If a process dies - i.e. Process.monitor() sends a DOWN message - the session server will destroy all associated sessions with that process asynchronously.

1
2
3
4
5
6
def handle_info({:DOWN, ref, _, _, _}, state) do
  if pid = state[ref] do
    destroy_sessions(pid)
  end
  {:noreply, state}
end

Configurations

Configurations are managed using Elixir’s Config API which uses keyword parameter lists to manage configurations.

1
2
3
4
import Config

config :hound,
  browser: "firefox"

The configurations are stored as application environment variables which are retrieved by the connection server.

1
driver = options[:driver] || Application.get_env(:hound, :driver, "selenium")

More information on the Config API here.

Coding conventions

Other rather interesting bits of Elixir convention that Hound employs are:

  1. ^ (pin) operator

    The pin operator ensures that a variable, when matched during assignment, is the same as the existing variable of the given name

    In Hound, this is used to ensure that the retrieved process ID of session (from the session server) is the same as the given process ID (from argument).

    If the retrieved pid does not match the pid argument, an error is raised.

    1
    2
    3
    4
    5
    6
    
    def all_sessions_for_pid(pid) do
      case :ets.lookup(@name, pid) do
        [{^pid, _ref, _session_id, all_sessions}] -> all_sessions
        [] -> %{}
      end
    end
    

    More information on the pin operator here.

  2. defdelegate

    defdelegate dictates that a function’s underlying behavior is deferred to that of another function in another module.

    This allows a module to house the functionality of different modules without breaking the modularity afforded by the module system.

    Interestingly, the __using__ override in Hound.Helpers can be replaced with a multitude of defdelegate to the helper functions but it would, understandably, create a lot of confusion.

    More information on defdelegate here.

  3. = (match operator) in function parameters

    As = is the match operator in Elixir, it can be used to perform pattern matching while assigning the matched pattern to a variable name.

    This is very useful when working with structures as you may not want to deconstruct the entire structure while ensuring that arguments follow the given structure.

    1
    2
    3
    
    def foo(%User{} = user) do
    	IO.puts user[:name]
    end
    

    More information on the match operator here.

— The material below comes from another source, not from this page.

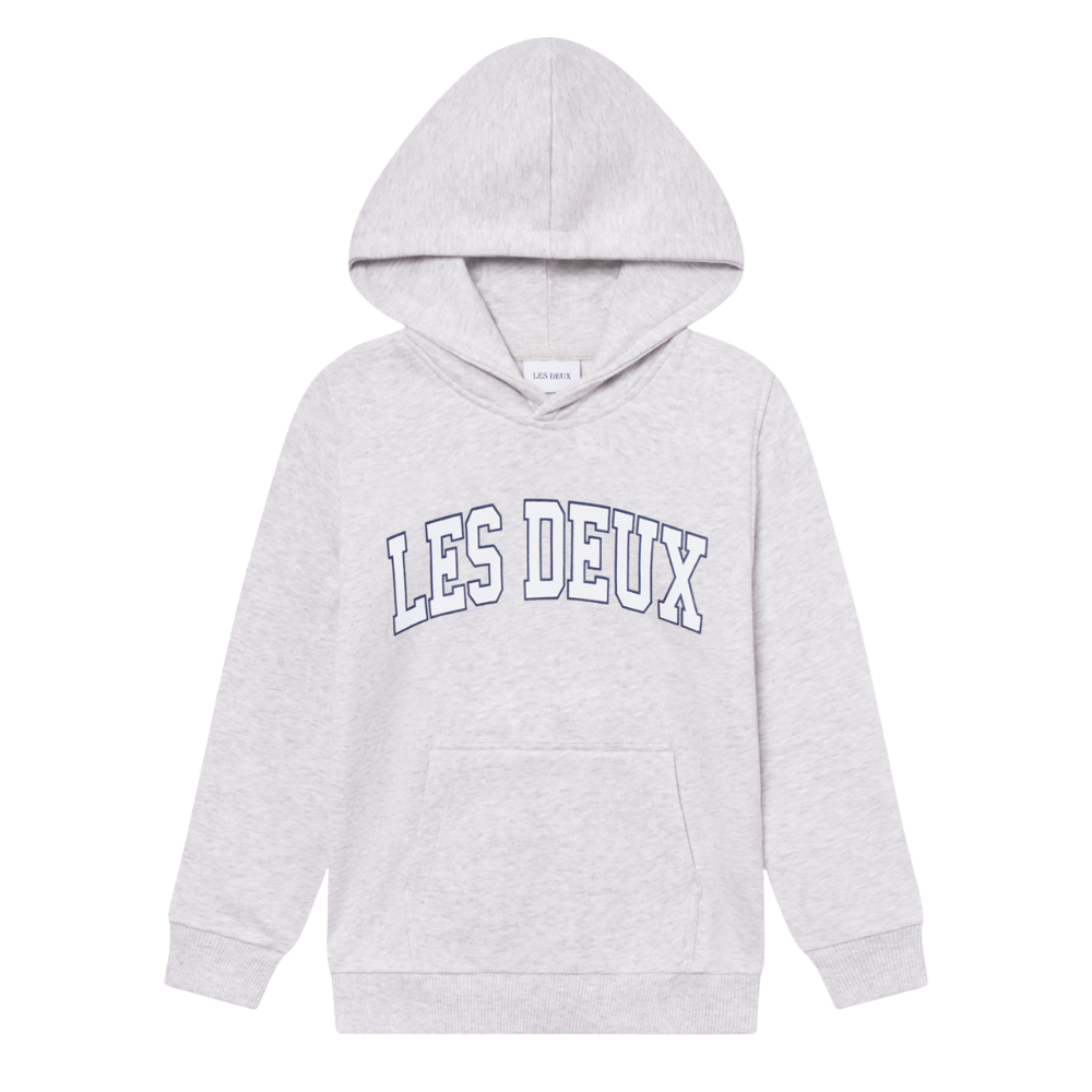 Grá hettupeysa frá Les Deux með stórum opnum vasa og stóru logo að framan.

  4. Pattern matching as enums

    Pattern matching with atoms can be used as substitutes for typical enum behavior.

    An enum in Kotlin may look like:

    1
    2
    3
    4
    5
    6
    7
    
    enum class MatchClause(val name: String) {
    	CLASS("class"),
    	CSS("css selector"),
    	NAME("name"),
    	ID("id"),
    	ELEM("element")
    }
    

    In Elixir, it can be written as such:

    1
    2
    3
    4
    5
    
    def match(:class), do: "class"
    def match(:css), do: "css selector"
    def match(:name), do: "name"
    def match(:id), do: "id"
    def match(:elem), do: "element"
    

Conclusion

To conclude, Hound is a browser automation and integration testing library built on top of web driver - more specifically, browser driver - technologies as it leverages Selenium, PhantomJS, and ChromeDriver to build a highly abstracted and simple to use API for building integration tests.

Under the hood, Hound is an intriguing project that uses fundamental constructs to build powerful internal libraries that support complex operations.

If you are interested in the topics discussed in this post, here are some additional readings:

  1. What is a web driver in Selenium?
  2. W3C WebDriver Specification
  3. Hound GitHub repository
  4. Hackney GitHub repository
  5. Distributed testing
  6. What is PhantomJS?
  7. ChromeDriver repository
  8. Uses of browser automation
  9. BitTorrent protocol
  10. ExUnit
  11. Application conventions in Elixir
  12. Process monitoring
  13. ETS
  14. GenServer

NOTE: I do not condone the use of browser automation or torrenting for illegal purposes. Any links or discussions about the mentioned subjects are purely for educational purposes and should remain as that.


Open-source Deep Dive is a series where I pick apart open-source projects to explain the underlying concepts that power these projects and share my findings about the project!